So gamers were shocked on Tuesday when CCTV News aired a report that was surprisingly complimentary about WOW, and criticized domestic games for not being as well-made. A video of the segment is available here, but the main part that caught people’s attention was this sentence:
“Although there are many players addicted to it, WOW is universally acclaimed, mostly because it is very creative and well developed. There is a sharp contrast [between WOW] and some domestically-developed games.”
This might not seem like much, but it was enough for Tencent, for example, to create a special section about the CCTV report that includes polls, quotes from microblog posts, and a history of the times CCTV has mentioned World of Warcraft in the past. In the poll, which asks gamers to respond to the CCTV report, over 54 percent said the report was “a miracle.”
Although the whole poll is somewhat tongue-in-cheek — the “miracle” option is a clever reference to the Railway Ministry spokesman’s disaster of a press conference last week — netizens may not be wrong to call the report a miracle, especially in the midst of a new nationwide campaign cracking down on gaming addiction by beginning work on a real-name gaming system to be implemented nationwide. From the Jiefang Daily via Marbridge Consulting:
Eight Chinese government ministries and agencies recently released a joint “Memorandum Regarding the Initiation of Work on a Real-Name Verification System to Prevent Online Gaming Addiction.” China’s General Administration of Press and Publication (GAPP), the Civilization Office of the Central Communist Party Committee, the Ministry of Education, the Ministry of Public Security, the Ministry of Industry and Information Technology (MIIT), the Central Committee of the Communist Youth League, the All China Women’s Federation, and the China National Committee for the Well-being of the Youth all participated in drafting the memorandum. At a press conference in Shanghai on July 29, GAPP announced that as of July 28, all online game operators nationwide had begun implementing anti-addiction real-name verification measures in their games. The testing period for the system will last until September 30, 2011, after which the system will be officially implemented starting October 1.

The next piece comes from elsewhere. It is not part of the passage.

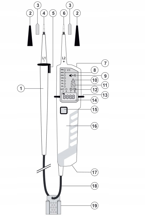 4 Діапазон поляризації (світлодіод) <небезпечна напруга (> 38 В/зміна,> 120 В/постійний струм (ця функція також працює у випадку порожніх акумуляторів або їх відсутності). Фазовий дисплей під час однієї перевірки фази 11 Відображення Rx до випробування безперервності 12 Відображення поля, що обертається, <Лі). 13 Площа зчеплення 14 РК -дисплей для відображення номінальної напруги та символу заміни акумулятора 15 кнопок для ввімкнення ручки L2 (+)
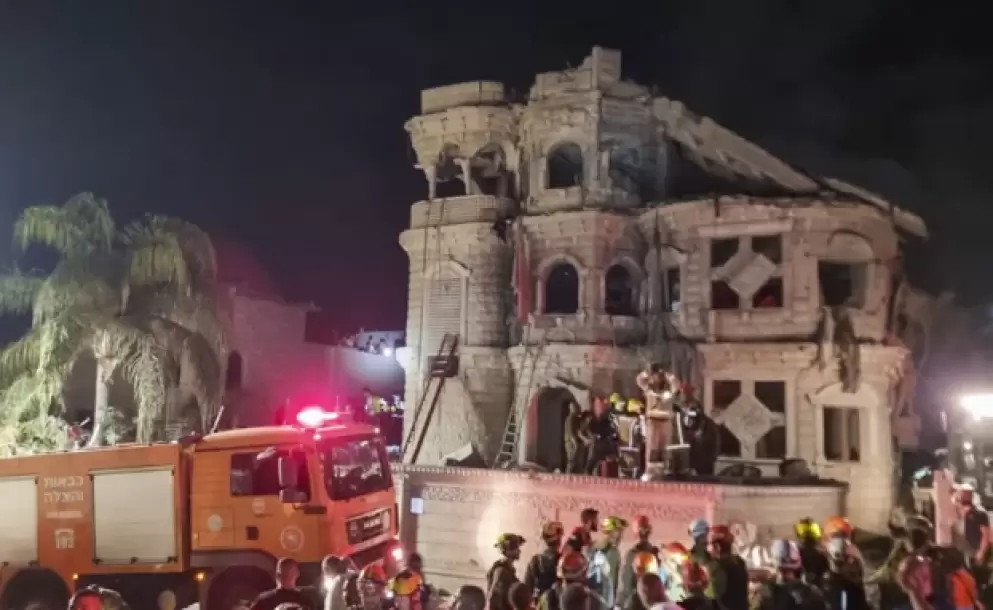 El sargento de los bomberos Yair Elkayim, comandante del Distrito Norte, añade que «se trata de un lugar con gran destrucción en un edificio de cuatro plantas que resultó dañado y el piso superior se derrumbó parcialmente».

Unsurprisingly, WOW gamers are less excited about this measure than they are about the unprecedented praise from CCTV. But real-name systems are already in place at Chinese internet cafes, and most gamers probably aren’t too shocked to hear that the regulations will be taken a step further this October.
In fact, to some of them, it may even not make a difference. The Korea Herald reports that some Chinese gamers are using hacked Korean social security numbers to play their games on Korean servers rather than Chinese ones.
A quick search using the keywords, “Korean social security numbers,” on Baidu, a Chinese Internet search engine, showed about 1.39 million results.
And sites like these offer stolen identities for as little as 100 won ($.09), complete with social security numbers, addresses, cell phone numbers and even when and what kind of credit card the owner registered for.
Ultimately, though, China will do what it can to foster the domestic gaming industry. The same CCTV report that praised WOW also noted that China has 24 million online gamers, and the economic implications of that are not lost on anyone. The positive report on WOW may be best understood as an attempt to spur domestic developers into creating a product that could meet or exceed the quality standards evident in Blizzard’s international mega-hit, and thus capture the domestic market, and maybe some of the international market too.
Now may even be the right time for Chinese companies to move, as WoW’s active subscriber rate has now been declining for two quarters in a row. On the other hand, they’re also working on a new, as-yet-unannounced MMO project that’s sure to present a stiff challenge to all competitors, foreign and domestic, whenever it is released.